**WORK REQUIRED:**
Copy the listing below in full and skip every picture.

**EXERCISE DATA:**
--------------------

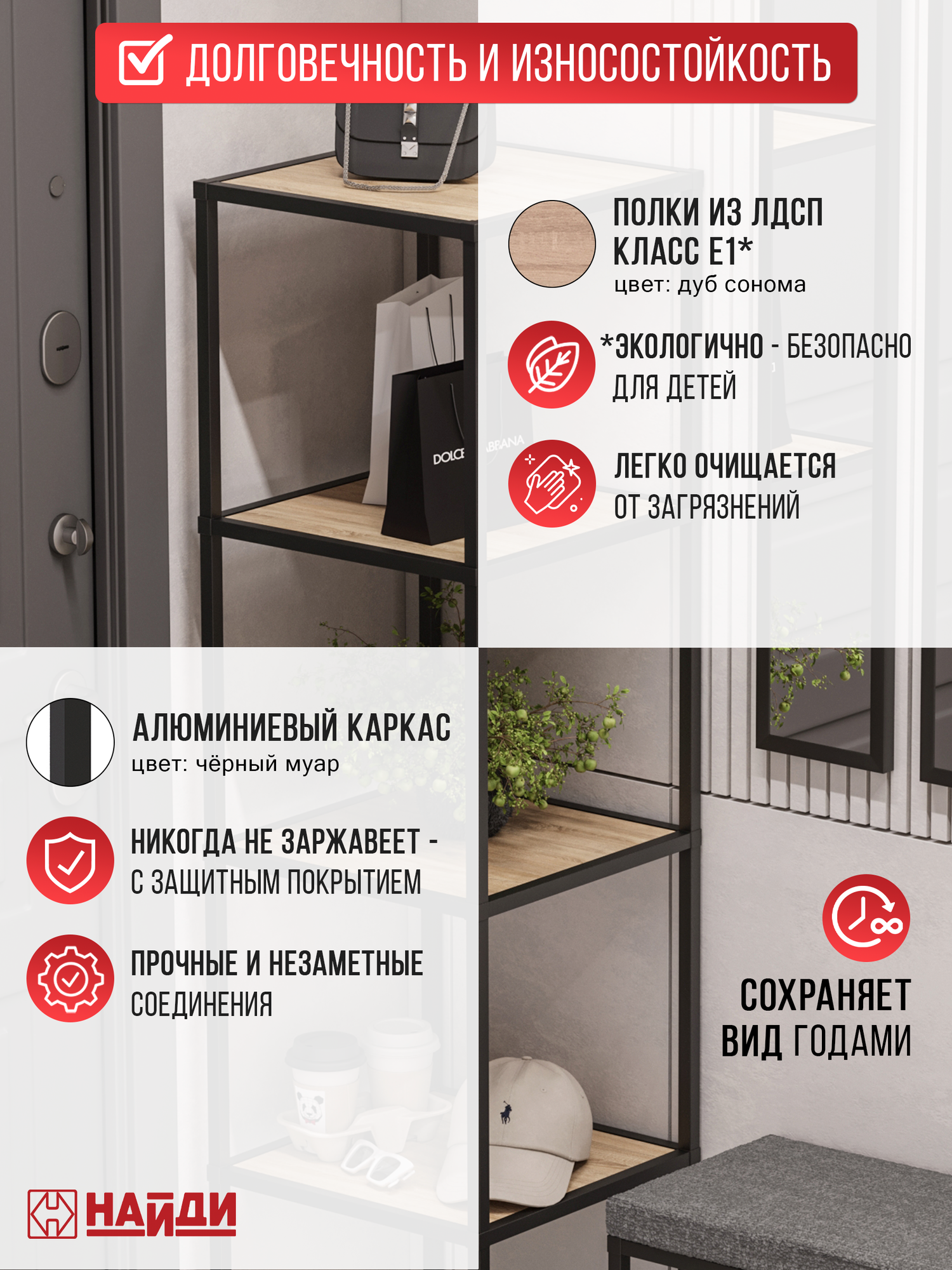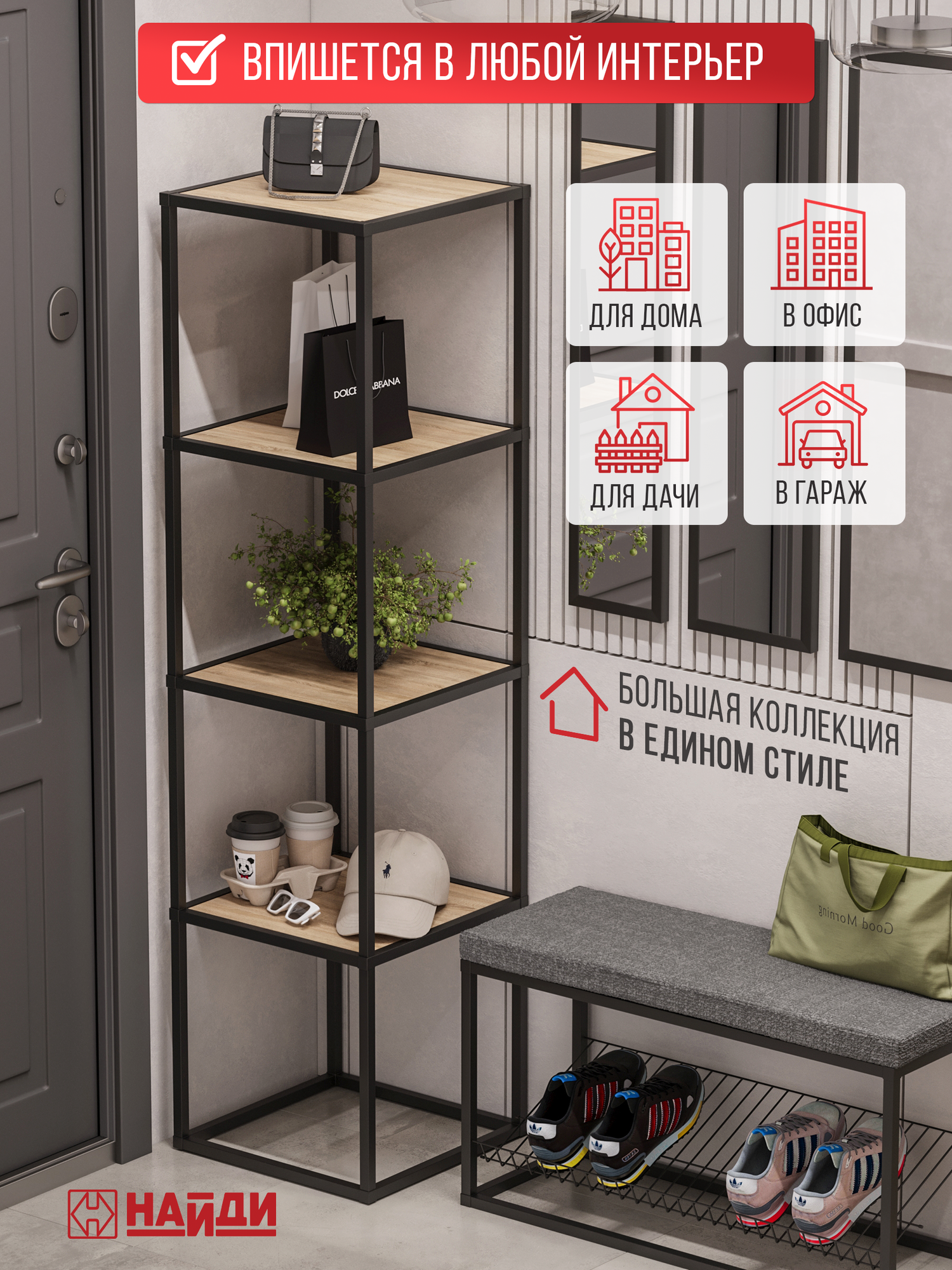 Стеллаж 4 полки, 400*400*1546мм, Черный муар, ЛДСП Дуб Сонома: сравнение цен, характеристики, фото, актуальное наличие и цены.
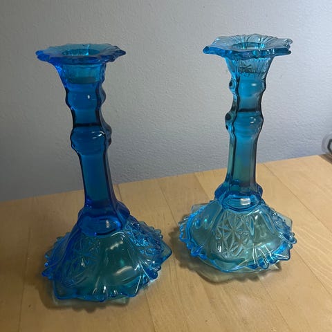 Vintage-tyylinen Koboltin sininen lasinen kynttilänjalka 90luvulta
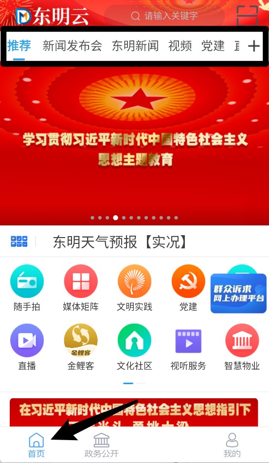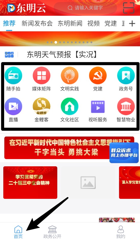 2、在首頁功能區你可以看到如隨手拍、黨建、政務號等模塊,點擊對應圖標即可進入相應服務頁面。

--------------------

**RESPONSE TO THIS EXERCISE:**
 Стеллаж 4 полки, 400*400*1546мм, Черный муар, ЛДСП Дуб Сонома: сравнение цен, характеристики, фото, актуальное наличие и цены.
 Vintage-tyylinen Koboltin sininen lasinen kynttilänjalka 90luvulta
 2、在首頁功能區你可以看到如隨手拍、黨建、政務號等模塊,點擊對應圖標即可進入相應服務頁面。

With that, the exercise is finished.